#### GOAL OF THE EXERCISE:
I'd like the data beneath this line reproduced exactly, without any of its images.

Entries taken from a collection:
=-=-=-=-=

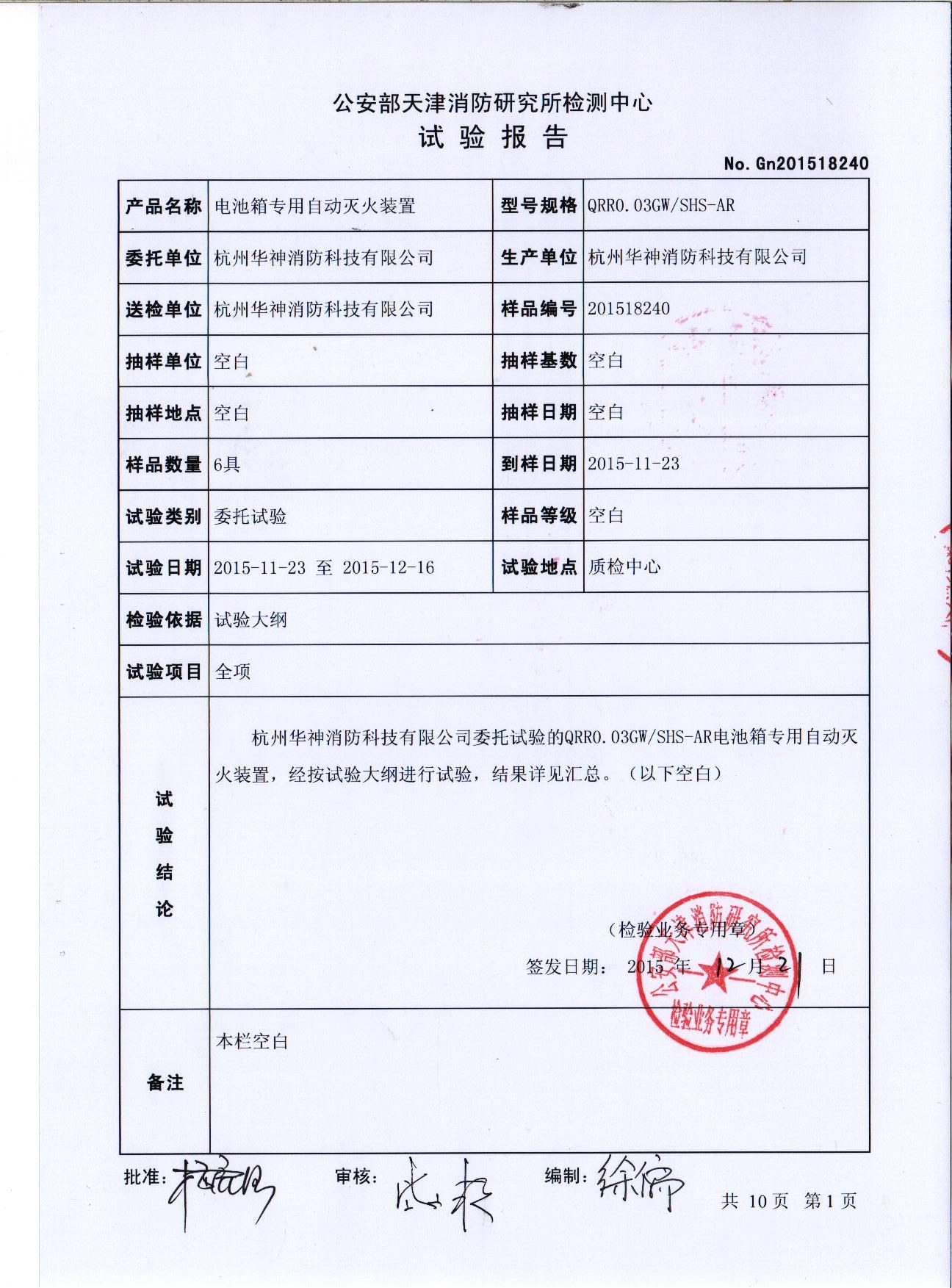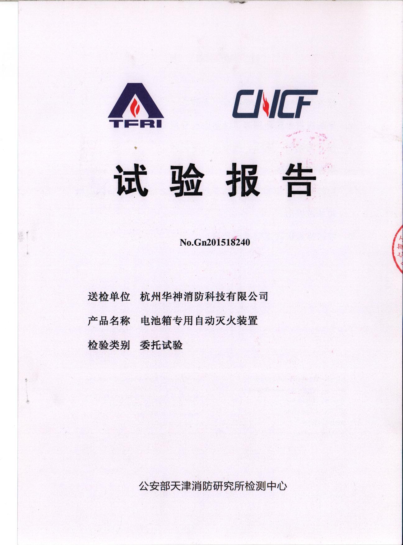 “恒神”電池箱專用自動滅火裝置通過公安部天津消防研究所檢測中心試驗
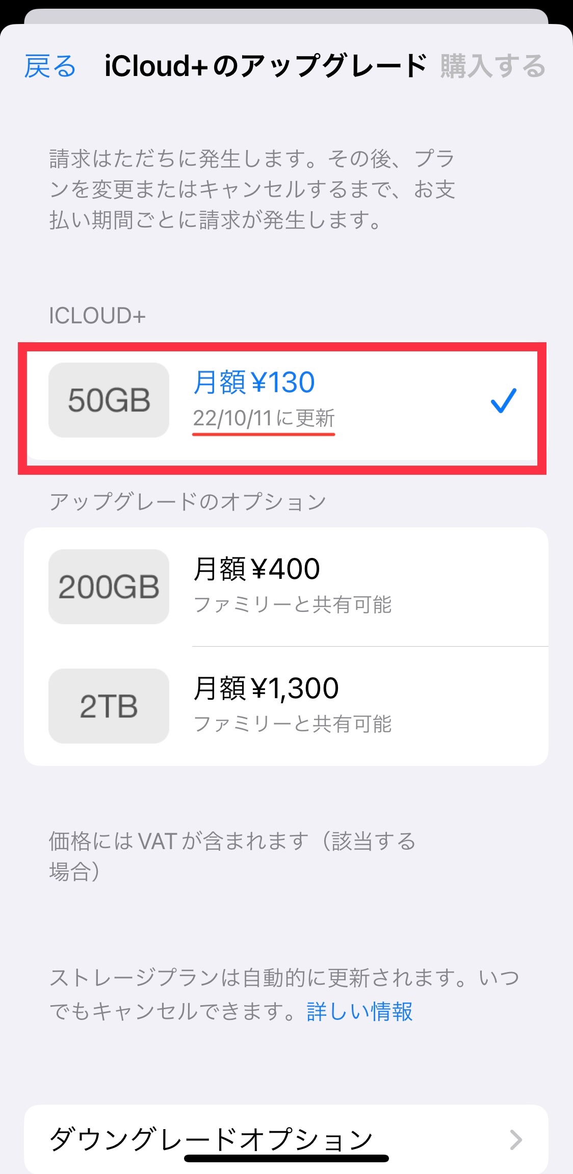 現在のプランからアップグレードを更新時にちょうど行うには、私の場合は22/10/10までにすればよいということがわかります。
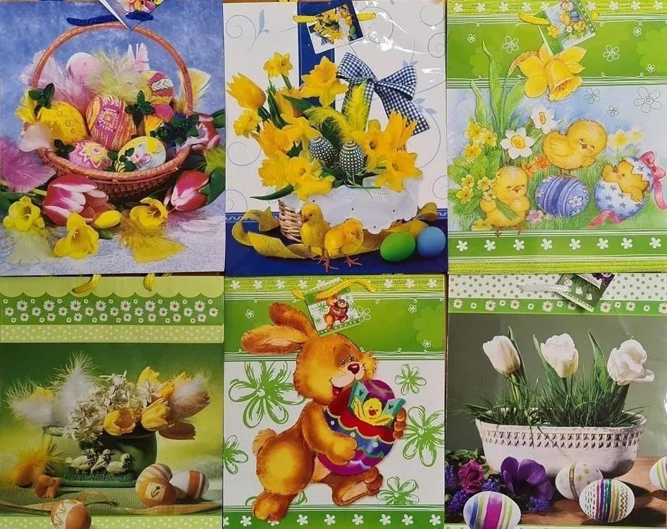 Cechy produktu Torebka ozdobna, laminowana, wielkanocna, średnia PL-6. Uwaga! Wzór wysyłany według dostępności - bez możliwości wyboru. Cena dotyczy 1 sztuki.
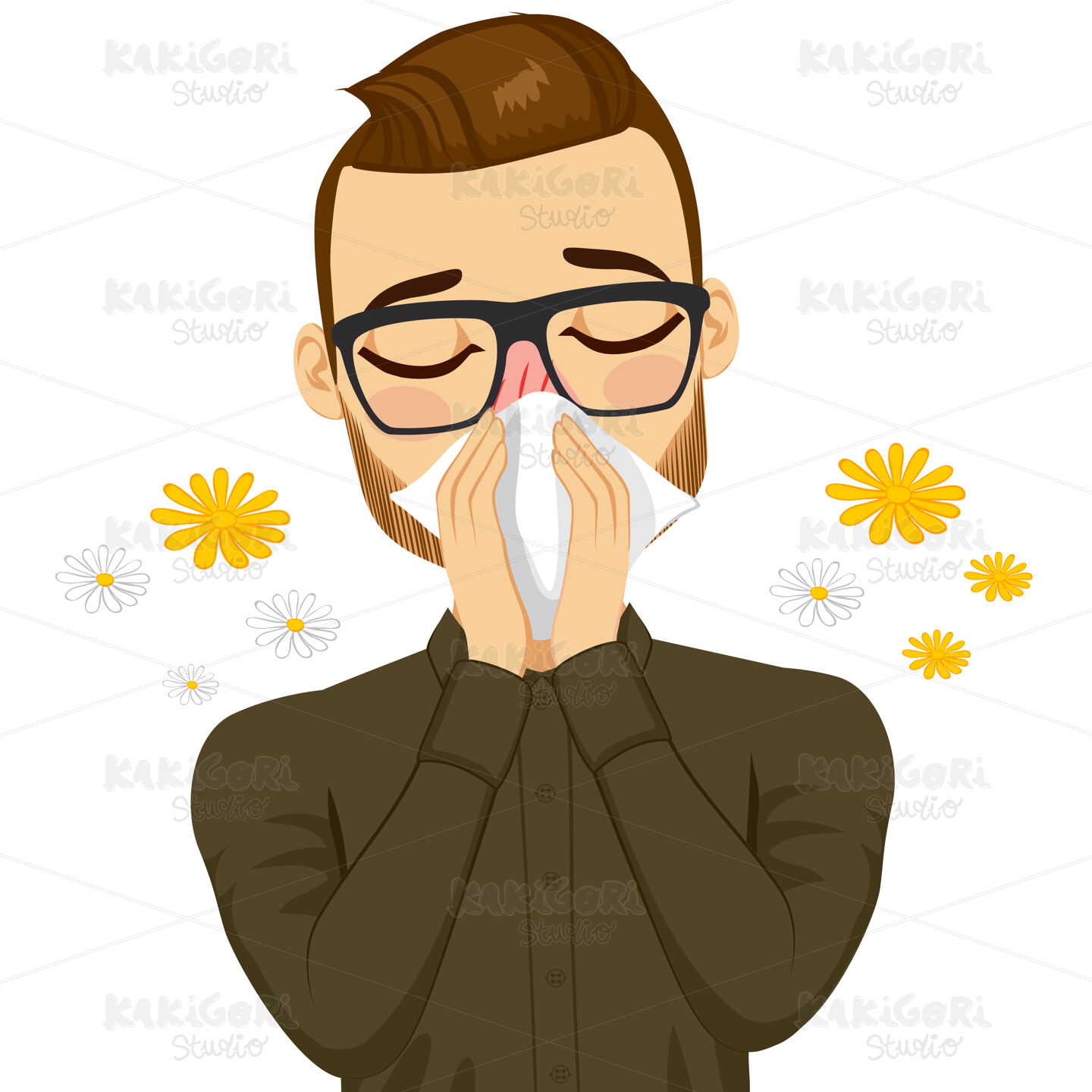 / Man Suffering Spring Allergy Clipart Vector Illustration 02012
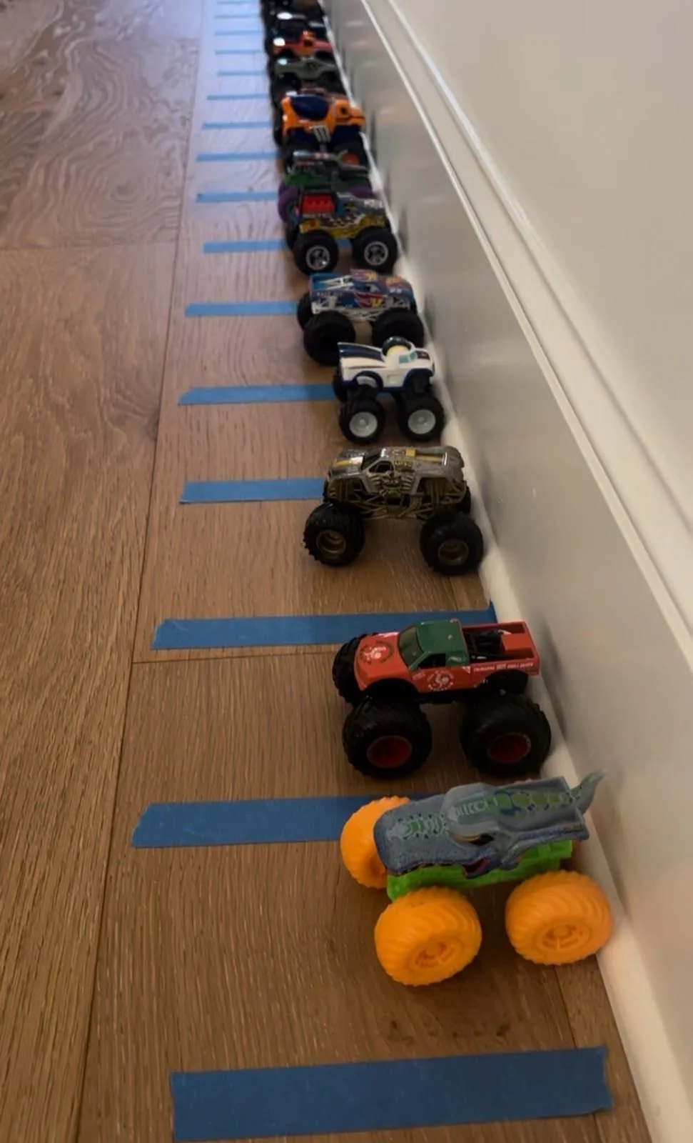 Make a parking lot using painters tape on the floor with your kids favorite monster trucks. It is the easiest activity to set up and my kids always ask to make it! Minimal effort, maximum entertainment.
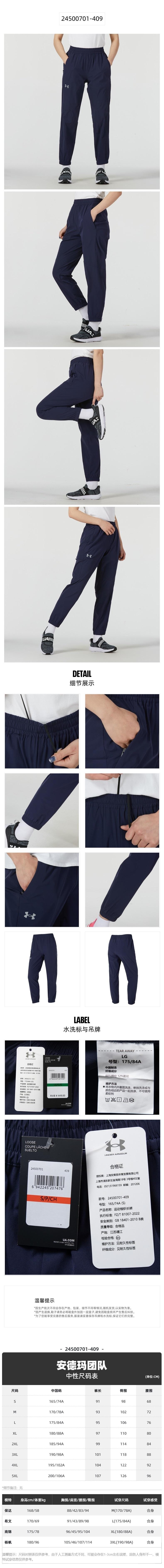 UnderArmour安德玛 男女同款梭织长裤 24500701-409
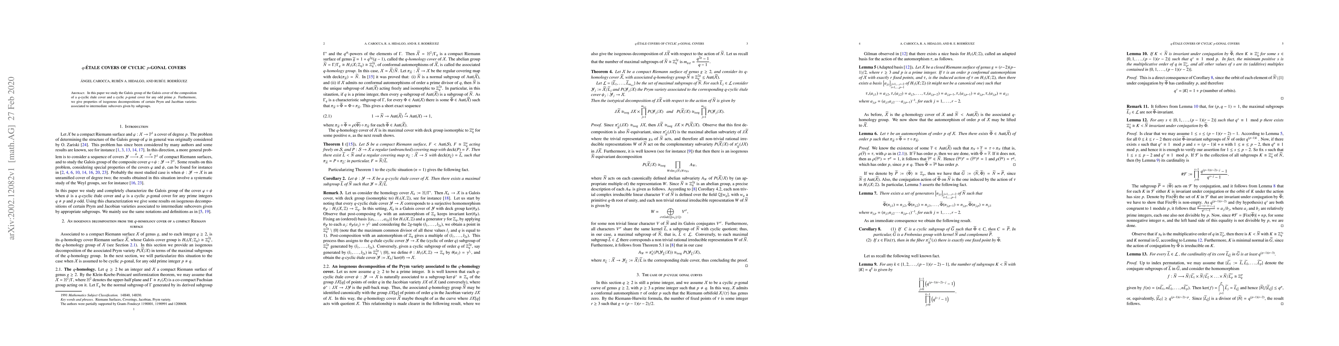 This paper investigates the Galois group of the composite cover formed by a $q$-cyclic \'etale cover and a cyclic $p$-gonal cover for odd prime $p$. It also explores the properties of isogenous decompositions of Prym and Jacobian varieties linked to intermediate subcovers defined by subgroup structures.

=-=-=-=-=

#### OUTPUT FOR THIS EXERCISE:
 “恒神”電池箱專用自動滅火裝置通過公安部天津消防研究所檢測中心試驗
 現在のプランからアップグレードを更新時にちょうど行うには、私の場合は22/10/10までにすればよいということがわかります。
 Cechy produktu Torebka ozdobna, laminowana, wielkanocna, średnia PL-6. Uwaga! Wzór wysyłany według dostępności - bez możliwości wyboru. Cena dotyczy 1 sztuki.
 / Man Suffering Spring Allergy Clipart Vector Illustration 02012
 Make a parking lot using painters tape on the floor with your kids favorite monster trucks. It is the easiest activity to set up and my kids always ask to make it! Minimal effort, maximum entertainment.
 UnderArmour安德玛 男女同款梭织长裤 24500701-409
 This paper investigates the Galois group of the composite cover formed by a $q$-cyclic \'etale cover and a cyclic $p$-gonal cover for odd prime $p$. It also explores the properties of isogenous decompositions of Prym and Jacobian varieties linked to intermediate subcovers defined by subgroup structures.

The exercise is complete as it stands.